Завидев красноармейца с винтовкой, директору стало не до телефона: «Я вас слушаю…, товарищ красноармеец…» – глотнув воздух, сказал он.
Расставив ноги на ширину ступни, поместив между ног приклад винтовки и опершись об зажатый кулаками штык – излюбленная, хотя не совсем уставная поза часового, – красноармеец сказал коротко:
– Этого мальчонку, товарищ директор, надо принять в технику…
Все еще не вполне понимая в чем дело, директор забегал глазами по мне и красноармейцу. У него было явно просительное выражение лица. Ради бога, мол, объясните, что это все значит?

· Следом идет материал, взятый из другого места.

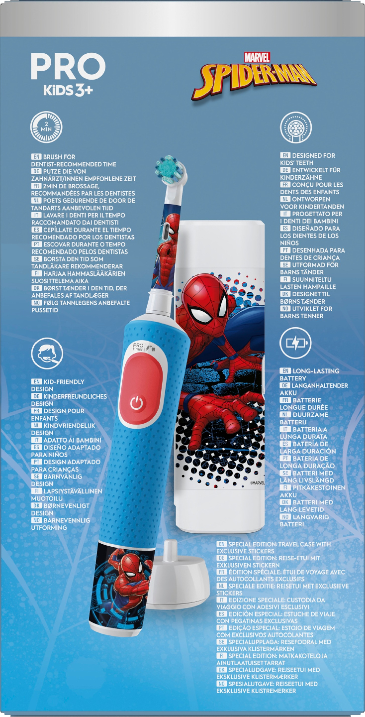 Oral-B Pro Kids sähköhammasharja, jota hammaslääkärit suosittelevat yli 3-vuotiaille lapsille, puhdistaa hellävaraisesti ja tehokkaasti. Harjassa on kaksi harjaustilaa, mukaan lukien ainutlaatuinen, lapsille tarkoitettu hellävarainen tila, ja se puhdistaa lasten hampaat hellävaraisesti. Poistaa enemmän plakkia kuin tavallinen käsikäyttöinen hammasharja.Harjan mukana tulee värikäs matkakotelo, jota lapsesi haluavat aina pitää silmällä.

– Это… ваш братишка? – спросил директор.
– Нет… То есть… вообще-то…
– Как это понять – «вообще-то»? – директор воспользовался заминкой, чтоб вернуть себе утраченную было инициативу; он даже попытался улыбнуться, но тут же красноармеец снова заговорил, твердо выговаривая каждое слово, исправляя секундное замешательство насчет родственных отношений. Он в упор смотрел на директора и говорил как на инспекторской проверке:
– Был бы я братом – я бы не пришел к вам. Здесь иное дело. И я вас лично прошу…
Видимо, красноармеец не хотел при мне, только что посвященном в молодые марксисты, произносить жалкие слова вроде «сирота» или «детдомовец». Нет, в его наступательной тактике жалость не могла явиться составляющим компонентом! Слегка приподняв винтовку за зажатый кулаками штык, он внушительно пристукнул прикладом о пол, как бы ставя точку: больше он не намерен и слова произнести.
– Да знаю, знаю я этого… мальчонку. За него уже приходили просить товарищи, – морщась как от зубной боли, заговорил директор, тоном человека, которому приходится уступить в том, в чем не хочется. – Ну что мне с ним делать?..
Минутная пауза, тишина в кабинете, украшенном портретом Постышева, большим старинным медным барометром и тускло поблескивающими сизо-голубыми кронциркулями, угольниками и тисочками в плоском и застекленном ящичке на той же стене чуть пониже портрета – все не просто было внушительным, а полно значения и сосредоточенного раздумья: достоин ли я стать студентом техникума, быть причастным к этих кронциркулям и угольникам?
Я чувствовал, что именно над этим «быть или не быть» трудилась сейчас седая голова директора и такие же седые усы его, круглая, согбенная годами спина и даже его темно-коричневый вельветовый пиджак.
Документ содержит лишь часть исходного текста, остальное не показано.